(Exercise data)

- - -

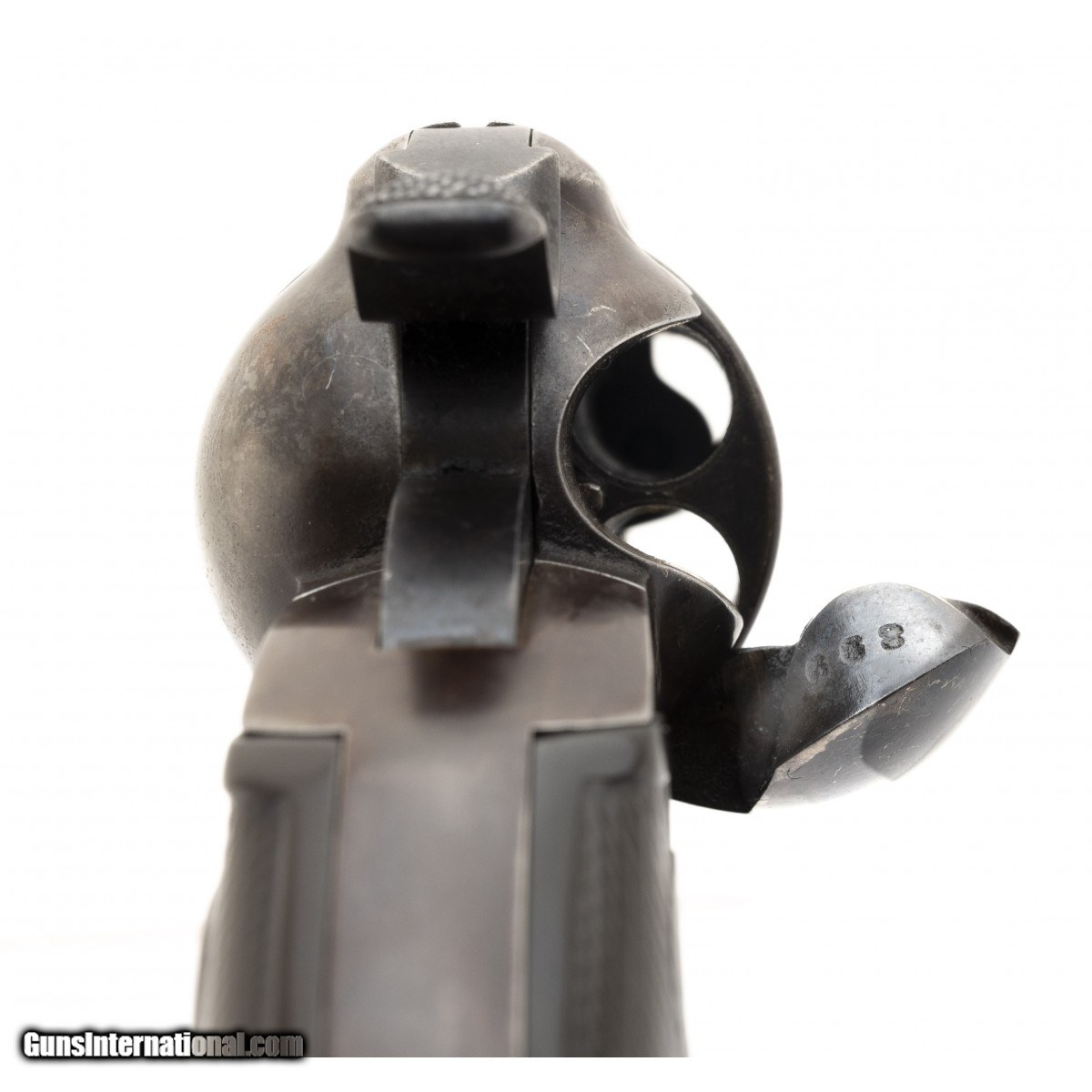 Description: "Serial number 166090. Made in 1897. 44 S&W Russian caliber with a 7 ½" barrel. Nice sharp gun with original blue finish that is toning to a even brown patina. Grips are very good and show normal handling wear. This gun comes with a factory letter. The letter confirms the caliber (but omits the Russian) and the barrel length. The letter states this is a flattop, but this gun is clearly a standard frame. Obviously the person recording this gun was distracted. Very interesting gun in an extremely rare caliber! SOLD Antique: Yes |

- - -

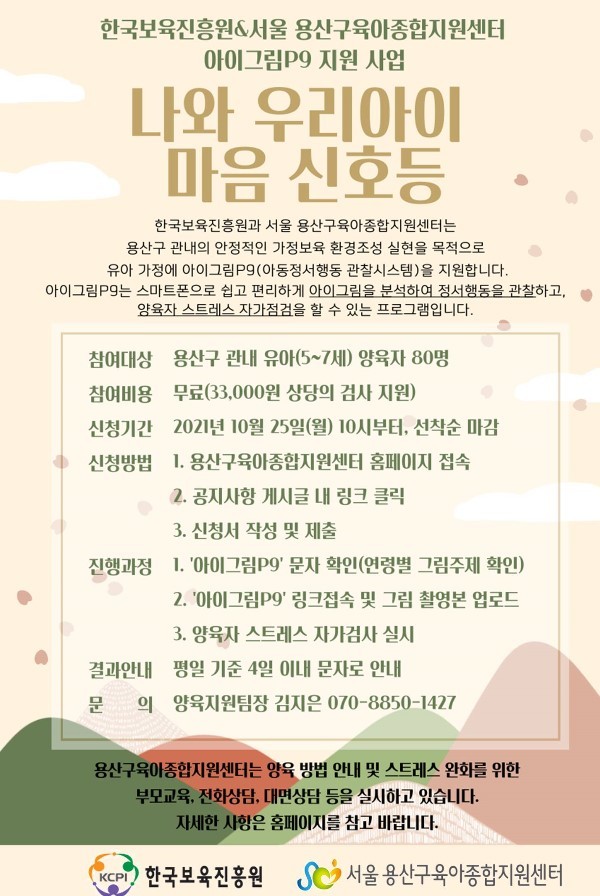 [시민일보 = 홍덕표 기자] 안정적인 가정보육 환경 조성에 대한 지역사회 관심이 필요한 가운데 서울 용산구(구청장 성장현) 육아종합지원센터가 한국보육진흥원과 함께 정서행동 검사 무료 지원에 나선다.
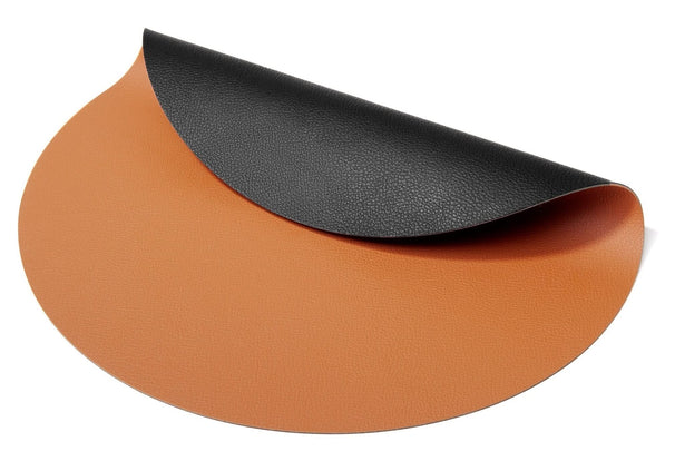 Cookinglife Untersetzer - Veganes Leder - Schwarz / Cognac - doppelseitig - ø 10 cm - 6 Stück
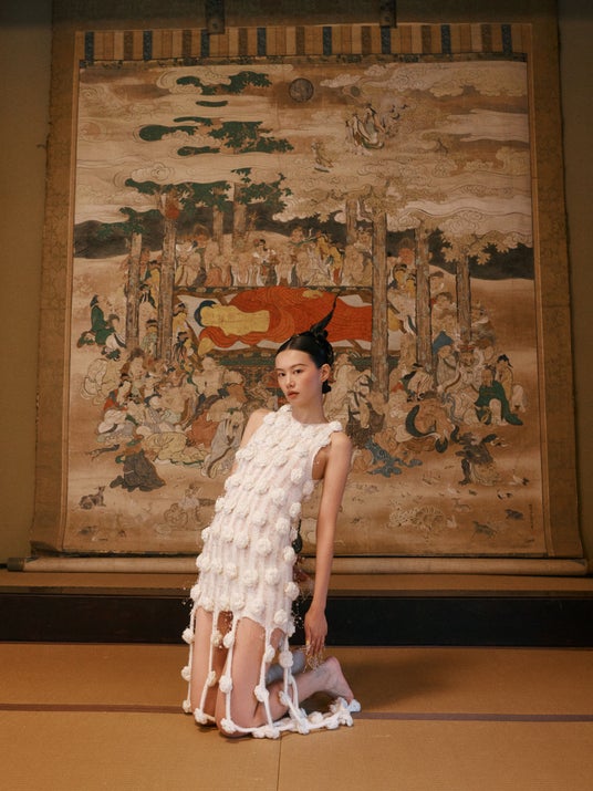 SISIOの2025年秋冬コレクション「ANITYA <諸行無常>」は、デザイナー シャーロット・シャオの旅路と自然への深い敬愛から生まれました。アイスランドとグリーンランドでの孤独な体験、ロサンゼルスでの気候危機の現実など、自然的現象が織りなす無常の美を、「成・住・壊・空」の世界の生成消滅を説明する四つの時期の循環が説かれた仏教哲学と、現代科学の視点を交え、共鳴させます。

- - -

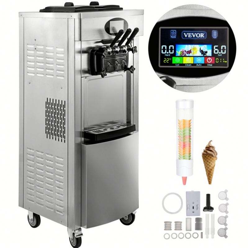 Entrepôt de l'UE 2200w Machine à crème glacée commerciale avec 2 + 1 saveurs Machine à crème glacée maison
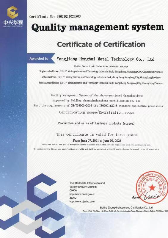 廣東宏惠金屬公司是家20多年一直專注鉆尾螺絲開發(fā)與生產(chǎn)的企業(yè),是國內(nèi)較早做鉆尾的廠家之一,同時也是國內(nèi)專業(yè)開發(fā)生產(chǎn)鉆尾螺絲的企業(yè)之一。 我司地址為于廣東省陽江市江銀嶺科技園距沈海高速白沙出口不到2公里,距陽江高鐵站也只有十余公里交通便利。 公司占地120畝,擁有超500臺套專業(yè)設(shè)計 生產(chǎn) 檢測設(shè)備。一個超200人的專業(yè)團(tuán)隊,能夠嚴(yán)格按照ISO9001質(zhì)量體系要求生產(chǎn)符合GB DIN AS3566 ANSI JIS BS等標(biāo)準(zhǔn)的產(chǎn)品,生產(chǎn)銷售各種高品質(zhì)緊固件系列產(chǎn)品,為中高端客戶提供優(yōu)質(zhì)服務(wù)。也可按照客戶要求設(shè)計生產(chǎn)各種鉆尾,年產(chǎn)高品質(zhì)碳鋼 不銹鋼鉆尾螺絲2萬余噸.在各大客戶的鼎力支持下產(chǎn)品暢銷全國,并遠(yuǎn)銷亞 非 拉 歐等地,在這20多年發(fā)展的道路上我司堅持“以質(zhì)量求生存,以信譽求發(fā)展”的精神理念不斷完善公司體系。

- - -

(Work task)
Transcribe, word for word, the lines of the listing above from the one that contains "[시민일보 = 홍덕표" through the one that contains "Cookinglife Untersetzer - Veganes", keeping both ends and dropping the pictures.

(Task solution)
 [시민일보 = 홍덕표 기자] 안정적인 가정보육 환경 조성에 대한 지역사회 관심이 필요한 가운데 서울 용산구(구청장 성장현) 육아종합지원센터가 한국보육진흥원과 함께 정서행동 검사 무료 지원에 나선다.
 Cookinglife Untersetzer - Veganes Leder - Schwarz / Cognac - doppelseitig - ø 10 cm - 6 Stück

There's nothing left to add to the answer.